According to CBC, the 1980s saw more than 80,000 wildfires start in Canada. Since then, the number each decade has declined, to about 60,000 between 2010 and 2019.

But note we're talking about fire starts, not the size of the blazes. I think the decline is due mainly to public service warnings. We'll never know how many fires didn't begin because somebody made sure all the embers were cold as they left their campsite, or decided not to set their brush pile alight, or concluded it was too dry and windy to set off fireworks. 

The problem is, the fires that are starting tend to be larger. The CBC report notes that acreage burned in Canadian wildfires has slowly increased since the 1970s. 

A warmer world is often a drier world. Sure, there's more intense rain storms. But when the rain stops, evaporation is usually more efficient when it's hotter out. Things dry out more quickly, leading to the conditions that can create out of control wildfires. 

Haze from Canadian wildfire smoke on May 23 obscures a 
Lake Champlain view from South Burlington, Vermont.

Canadian environmental officials also say that climate change is leading to more lightning strikes across much of that nation. That's precisely the problem that started the chaos this month that originated in Quebec. 

Climate change skeptics also point out there used to be epic fires -  much bigger than current blazes - in Canada and the U.S. a century ago. That's also true. But a century ago, you didn't have armies of firefighters and flocks of planes and helicopters dropping tons of water and fire retardant on those wildfires.

To repeat: Climate change did not directly cause the onslaught of fires in Canada. Lightning, human error and probably a few arsonists started the blazes.  There probably would have been a bunch of wildfires in Canada this year with or without climate change.

But the warming world probably made a hot, dry Canadian spring hotter and drier than it otherwise would have been. Which means the fires were probably worse than they otherwise would have been.

It's pretty much impossible to measure how much worse the fires became because of climate change. But the trend line is bad, since we're only going to get hotter. And weather extremes will keep getting more extreme.

ATTENTION GRABBER

As noted, the smoke really captured a lot of attention. It was the first time in memory that so much of the eastern United States was choking on smoke. 

The Washington Post went with this in a June 10 article:

"The East Coast, along with the rest of the planet, has entered a new fire era or - a Stephen Pyne, an emeritus professor at Arizona State University calls it - the "Pyrocene."

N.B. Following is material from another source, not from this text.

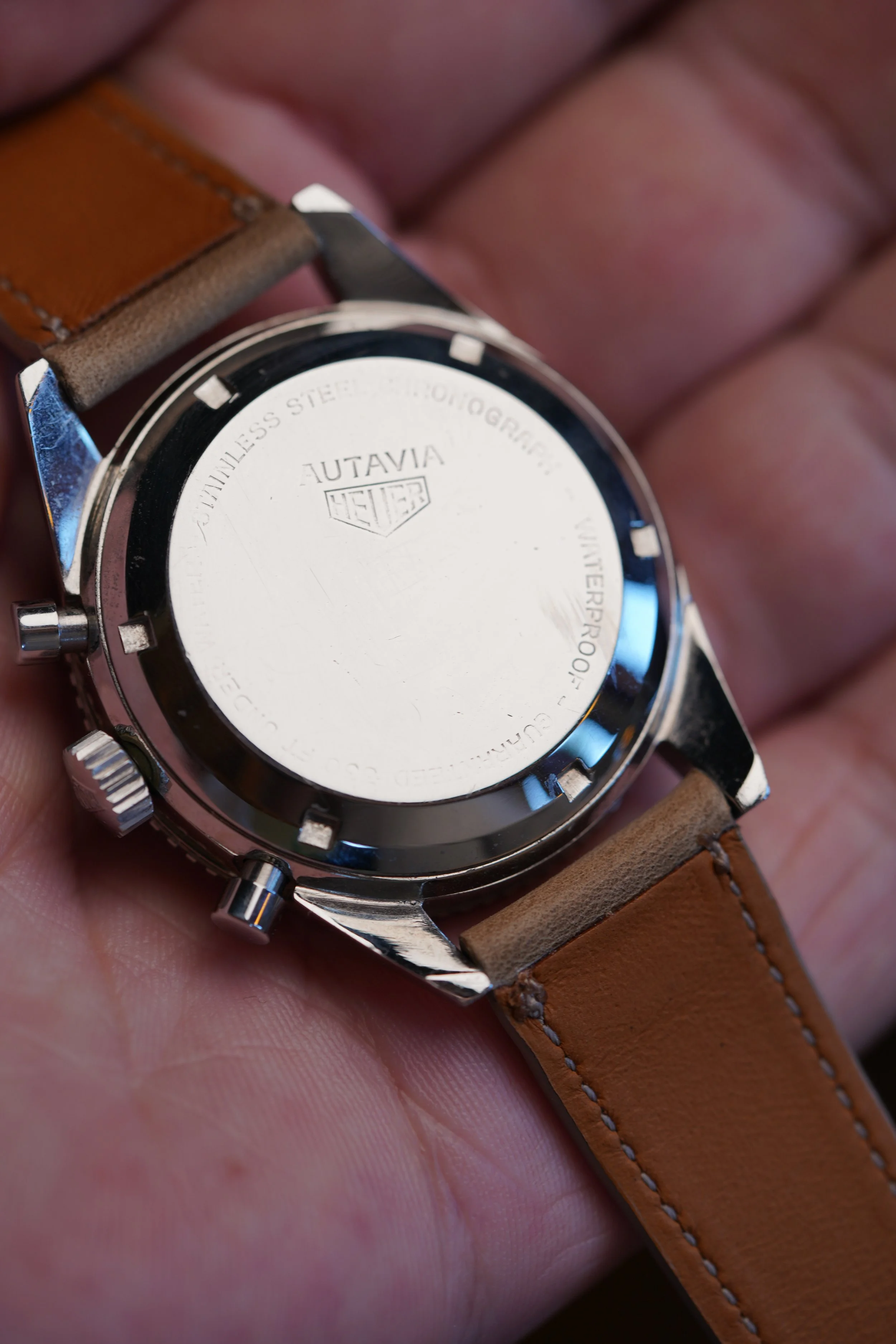 Along with many of its contemporaries of the era, it is powered by the Valjoux 72. This example is the first generation case of the Autavia with larger subdials. The dimensions are 38mm (48mm lug-to-lug). The cases are made Huguenin Freres. The case has been lightly polished.

That assessment is a little melodramatic, in my opinion. But it does point to the fact that different parts of the nation - and the world for that matter - have increasingly seen a lot more of these smoky days in recent years. 

With Canadian fires not expected to end until at least this fall, we can look forward to more smoky days, too.

But will this change anything? 

I doubt it. 

That millions of people in the eastern U.S. endured dangerous wildfire smoke was the talk of the town. And probably made climate change hit home for more people. But politics is stalemated in a way I can't recall in my 60 years.

It's tribal. It's the "religion" on one side to stop climate change now, or at least mitigate it, by, I don't know, walking out onto highways and blocking traffic. The "religion" on the other side is that climate change activists and experts are trying to take away all our "freedoms," whatever that means. 

The sensible group is probably the minority. We do need to shift away from fossil fuel consumption now if not sooner. If only entrenched interests and lobbyists in certain industries, oil and gas chief among them would get out of the way, we could probably make more progress.

But we don't live in that world, unfortunately.  Which leaves for the younger generation a worse future than there needs to be.